Abstract

In Reply: We read with interest the Letter to the Editor entitled “Auditory dysfunction in Facioscapulohumeral Muscular Dystrophy Type 1: beyond the inner ear involvement” by Gheller et al. (1), reporting further evidence of an auditory impairment in patients affected by Facioscapulohumeral Muscular Dystrophy Type 1 (FSHD1). In particular, Gheller et al. performed various audiological examinations, including speech evaluation tests, frequency discrimination and event related potential (P300) latency analysis, highlighting the presence of a hearing impairment in a population of 13 patients affected by FSHD1, for frequencies higher than 2 kHz. In our recent study on 26 FSHD1 patients, we reported a general alteration of otoacoustic emissions (OAEs) analysis, irrespective of the degree of muscular involvement, suggesting a primary cochlear dysfunction as a typical feature of this disease (2). Altogether, these findings further indicate the existence of a complex involvement of the auditory pathways in FSHD1. Based on our findings, we suggest to maintain strict exclusion criteria when recruiting patients for such studies to avoid a possible bias of patient's selection and considering not only those subjects who complain about hearing problems, but all FSHD1 subjects. This approach may reveal a possible subclinical hearing dysfunction still unrecognized by the patient. Further studies are needed to evaluate hearing outcomes in the light of the progression of the disease and to better understand possible correlations between auditory impairment, muscular balance and genetic features.
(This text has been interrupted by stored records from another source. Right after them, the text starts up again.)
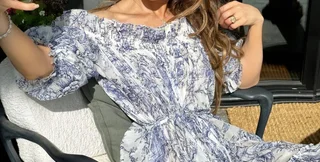 Что касается образа, то актриса была одета в расклешенные синие джинсы и фиолетовый топ без рукавов. Свои волосы типичного медового оттенка она скрыла под объемным темным париком с длинными локонами.
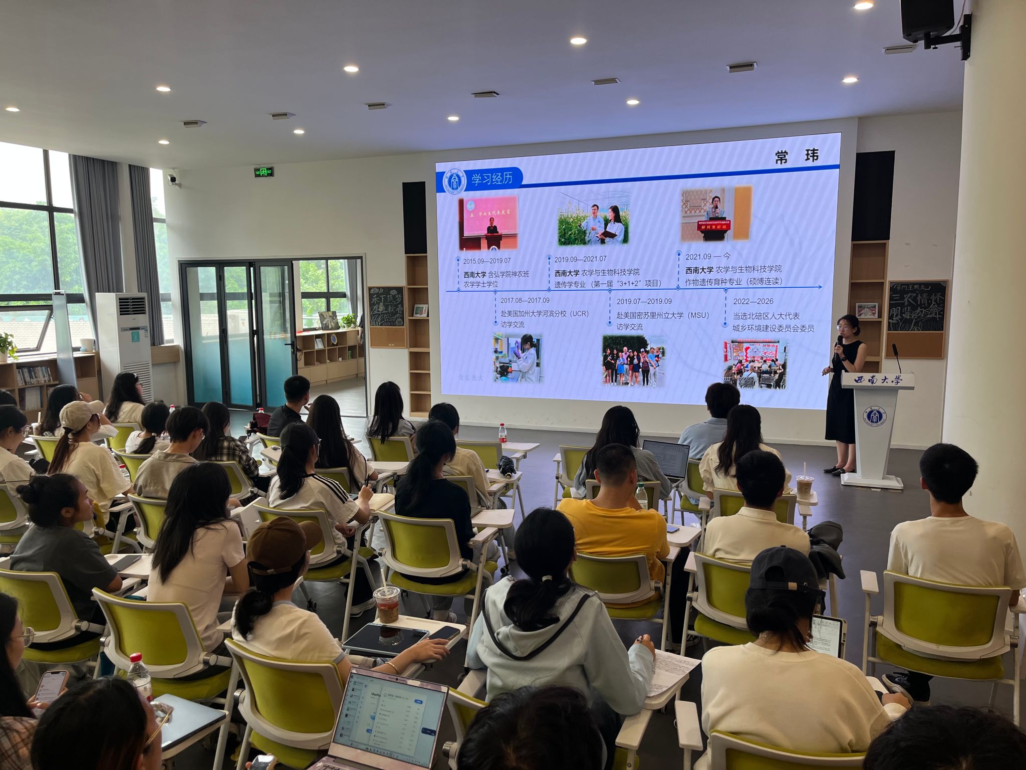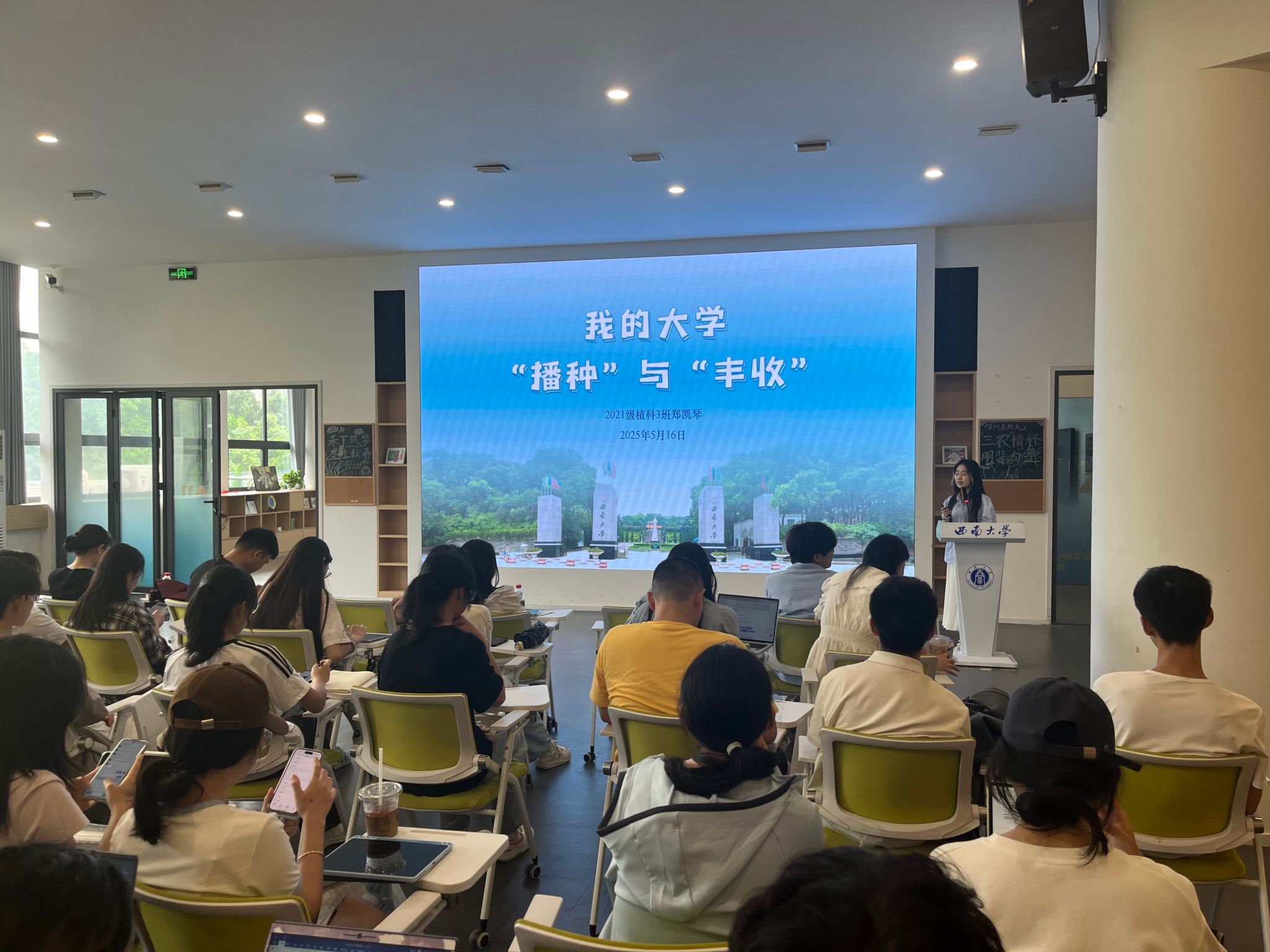 保研至浙江大学农业与生物技术公司的2021级植物科学与技术专业本科生郑凯琴以“老员工涯的‘播种’与‘丰收’”为主线,向同学们介绍了保送推免的成功经验与学习方法。郑凯琴同学通过分享大学不同阶段的学习重点、选择夏令营的思路、参加夏令营的经历,为同学们提供了全面且实用的经验参考。她指出,“保研不是终点,而是科研生涯的新起点,每个阶段都要清楚‘种什么’和‘怎么收’”,让在场的同学们收获颇丰。
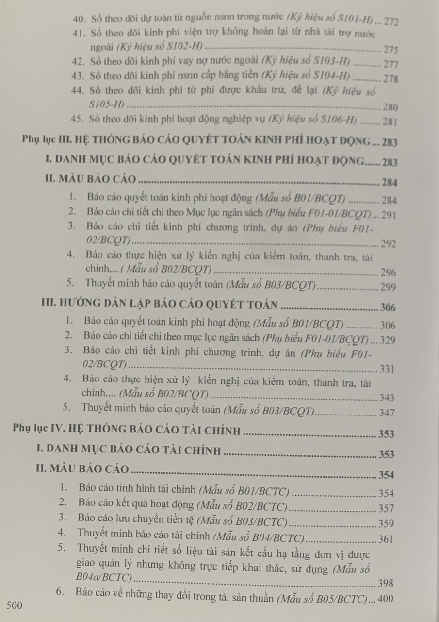 Phụ lục IV. HỆ THỐNG BÁO CÁO TÀI CHÍNH.
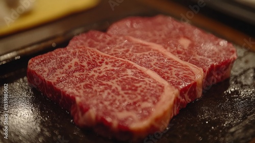 Three Raw Marbled Beef Steaks Ready For Cooking
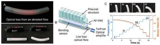 (A) Abraded fibre-based bending sensor shows optical loss through the cladding and decrease in light intensity measured by the receiver corresponds to the bending curvature; (B) Schematic of a pneumatically controlled soft finger sensorized by the fibre-based sensor; (C) (top) the bending shape of the finger under different input pressures and (bottom) the sensor response during the bending process [36].
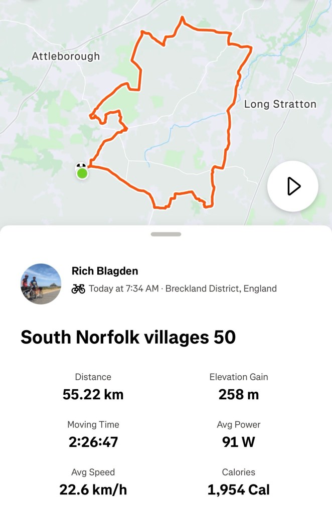 A good test for the Peugeot then, and a fun easy exploration of some of the local villages. My first time riding in Norfolk and, if they could just sort out a good view here and there, I would highly recommend it.
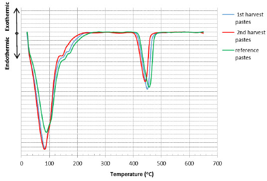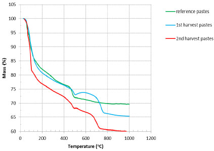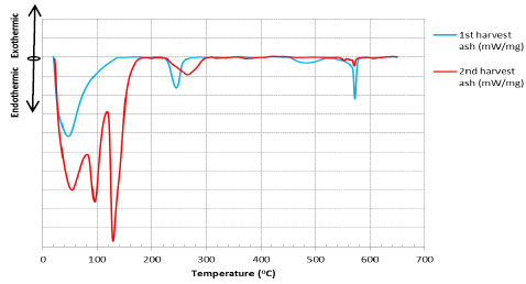 Fig. (2) shows the differential scanning calorimetry of ashes. It is observed that the combustion reactions of residual sugars are endothermic. There are several peaks on the results of the 2nd harvest ash, probably because of the different sugars present in the sample.
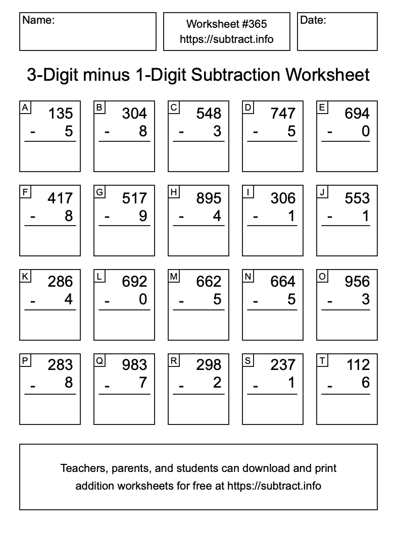 Here is the 3-Digit minus 1-Digit Subtraction Worksheet #365. Print and/or save the worksheet using the buttons below the image. You can also drag or right-click on the image to download it to your device.
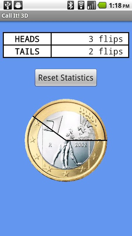 Call It! 3D is a coin flipping application with realistic 3D animation! You can independently choose the heads or tails faces from a pre-created set of high quality coins (including Euros), or you can create your own Custom Coins! Either shake or flick the coin to start spinning!
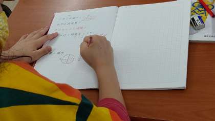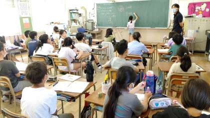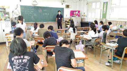 3時間目、5年生が算数の学習をしています。「45分は、何時間か」を考えています。小数と分数について学習しています。
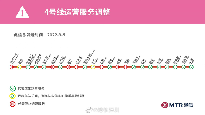9月5日起,深圳地铁4号线有这些运营调整→
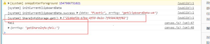 //转发 onShareAppMessage: function () { return { title: '抽奖大转盘', path: '/pages/canvas/canvas', success: function (res) { // 转发成功 var shareTickets = res.shareTickets; var shareTicket = shareTickets; wx.getShareInfo({ shareTicket: shareTicket, success: function (res) { console.log('success'); console.log(res); //console.log(res); wx.showToast({ title: '转发成功', duration: 5000 }) }, fail: function (res) { console.log('fail'); console.log(res); wx.showToast({ title: 'fail:' + res.errMsg, duration: 5000 }) } }); }, fail: function (res) { // 转发失败 } } }, |
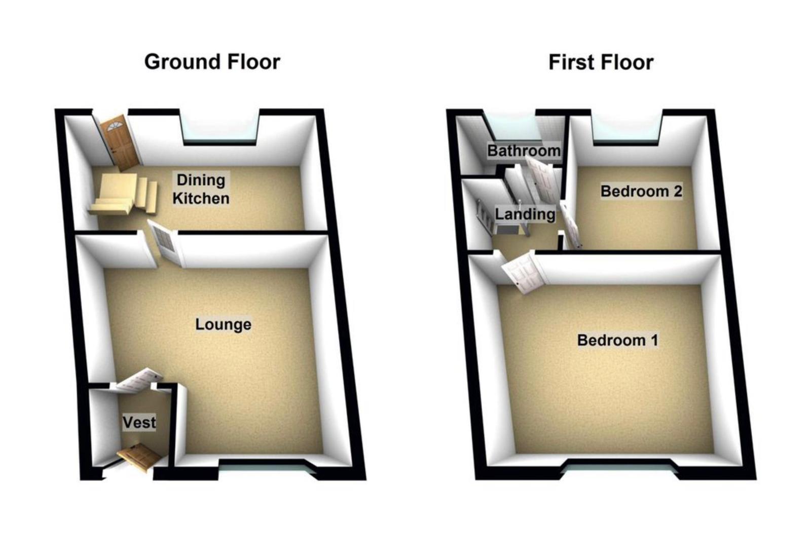 Two Bedrooms to the first floor
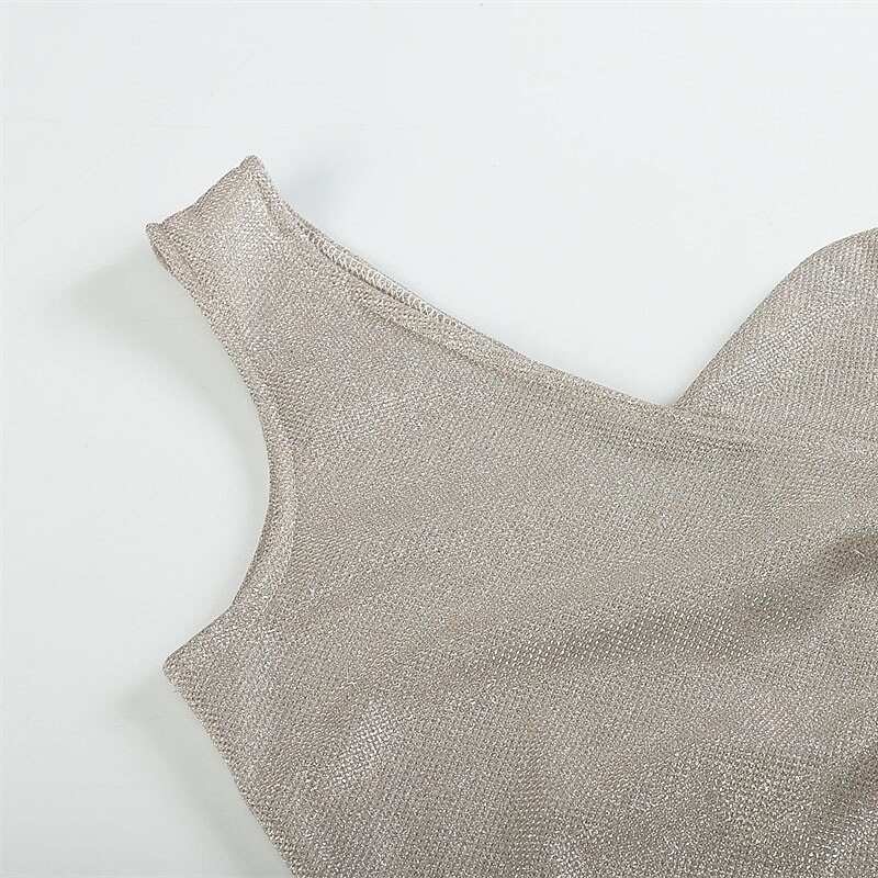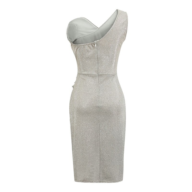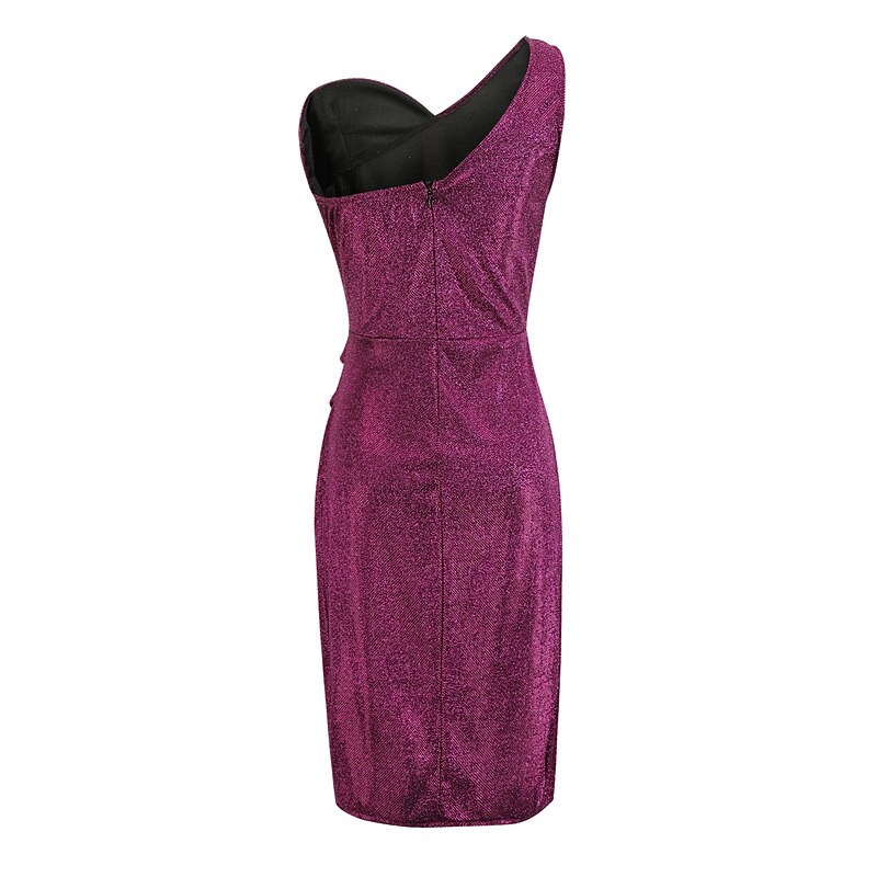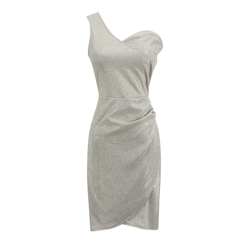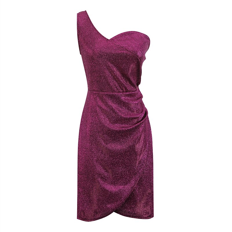 Mini Dress Black Blue Purple Champagne Silver Gold Sleeveless Pure Color Sequins Cold Shoulder Spring Summer One Shoulder Fashion Sexy Modern Party Dress.
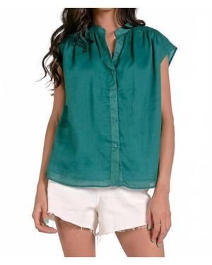 Tie Front Long Sleeve Linen Cover-Up - Green
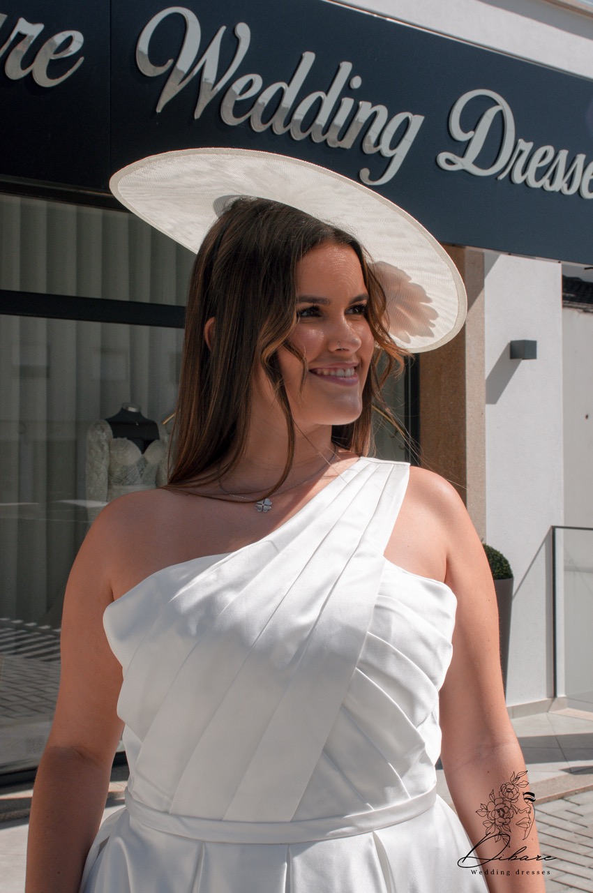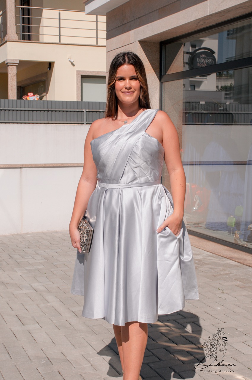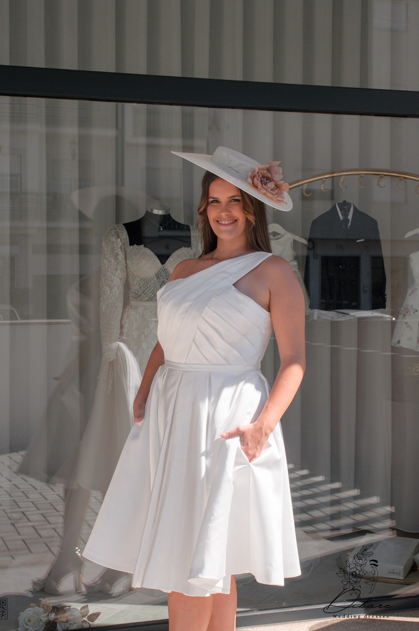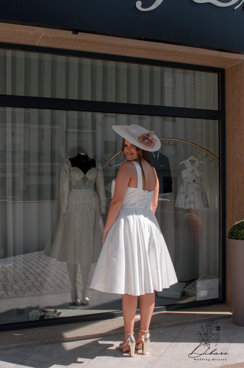 Um vestido curto confeccionado em um tecido firme e estruturado, ideal para quem procura elegância com um toque moderno. O design de uma única alça adiciona sofisticação e estilo, destacando o ombro com um corte assimétrico. Na parte de trás, uma delicada fita se ajusta para ser atada, oferecendo um detalhe charmoso e personalizado. Esse vestido também é perfeito como segundo look para noivas que desejam um visual mais leve e prático para a festa, sem perder a elegância do branco tradicional. A silhueta ajustada valoriza o corpo, mantendo a noiva confortável para dançar e celebrar a noite inteira com estilo e classe.
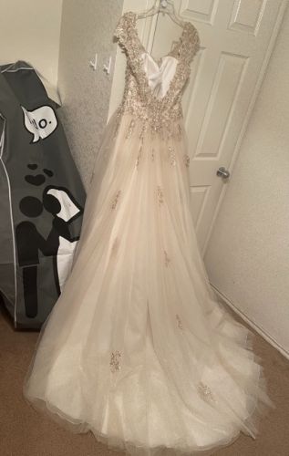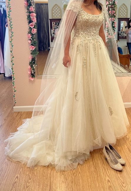 Brand new! I loved this dress at the boutique and I felt like a princess! Gorgeous A-line tulle! My wedding is still more than a year away so I have not worn this at all other than at the boutique. Although it is stunning, I found a simpler dress that I'm even more in love with. I would like to sell this to get my dream dress.
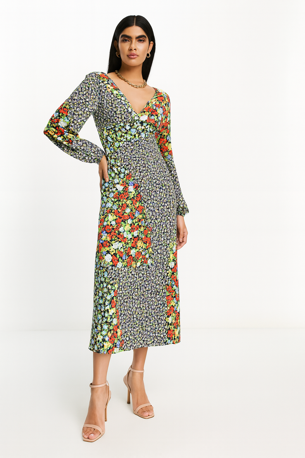 Asos Design Long Sleeve V Neck Midi Dress In Mixed Print Featuring:
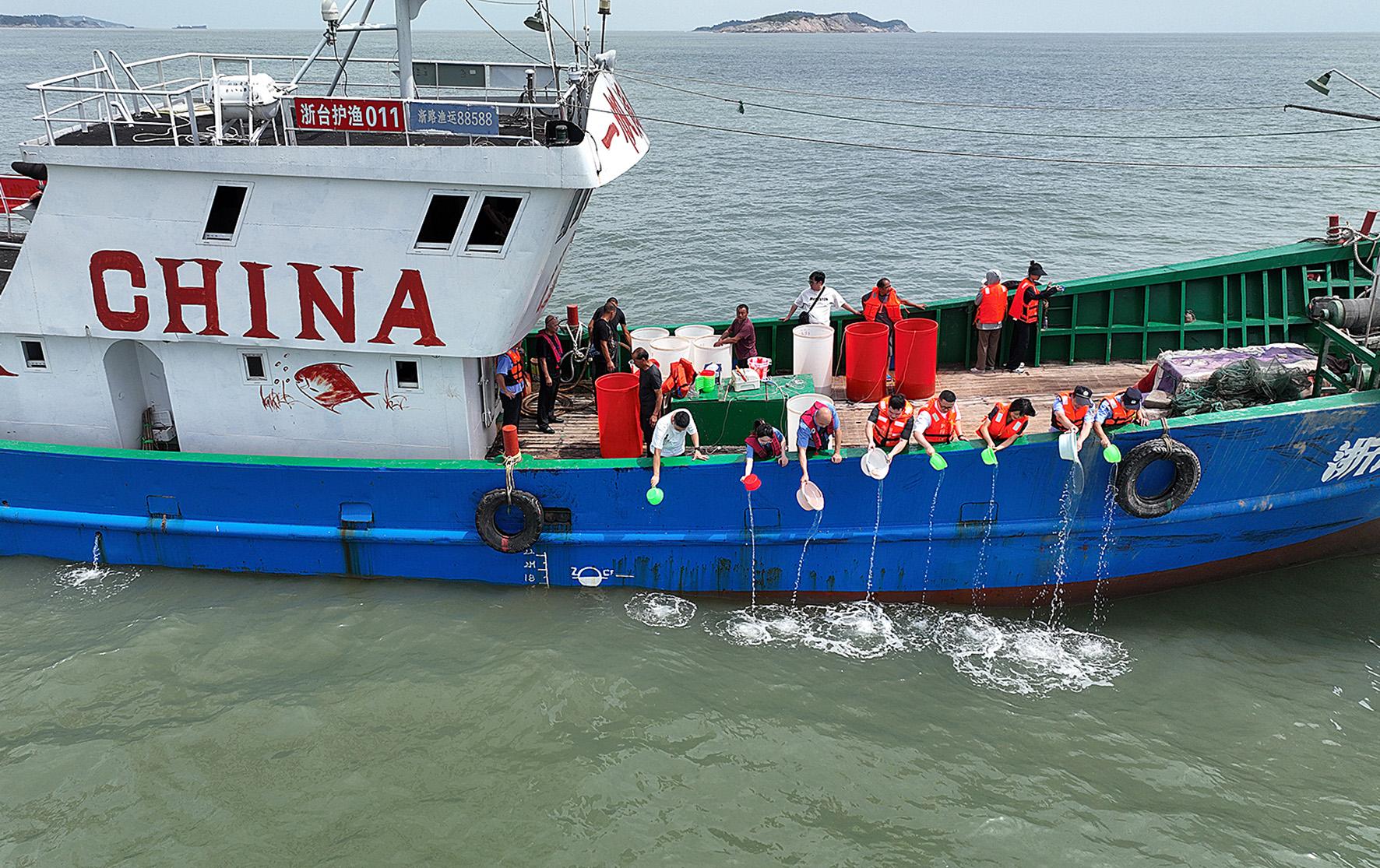 7月19日,在浙江省臺州市路橋區(qū)金清鎮(zhèn)近海海域,當(dāng)?shù)攸h員干部、政法干警、人大代表、政協(xié)委員、漁民代表等開展海洋增殖放流活動,向大海投放蝦苗2050萬尾。
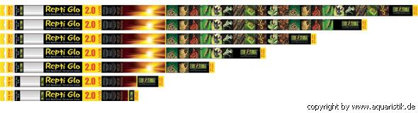 Die Exo Terra Repti Glo 2.0 ist eine Lichtquelle mit einer hohen Leistung an sichtbarem Licht und einem sehr hohen Farbwiedergabeindex (CRI); jedoch einer niedrigen UVB-Strahlung. Diese Lampe eignet sich für Schlangen, alle Amphibien (Frösche, Kröten und Salamander) sowie nachtaktive Tiere. Pflanzen werden unter diesem Licht ebenso gedeihen. Dieses Licht ist ebenfalls eine perfekte Ergänzung zu einer UVB-Lampe, um sichtbares Licht zu verstärken.
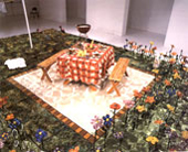 When it was finished she started on The Back Yard, which in many ways represents the way of life in American suburbs with their detached houses. This time, however, she did not work alone but organized workshops where volunteers spent hours and hours helping to give shape to the blades of grass with millions of beads — a task that would have taken a single person about forty years to complete.

As to the absence of acoustic stapedial reflexes reported by Gheller et al. in their patients’ group, which we did not observe in our cohort, we can hypothesize this inconsistency is probably related to the small samples of both studies. It would be interesting to assess this issue in larger patients’ populations. In conclusion, our study (1) is supported by the evidence obtained, with other methods, by Gheller et al., in highlighting the importance of an early and comprehensive evaluation of auditory function in FSHD1 patients.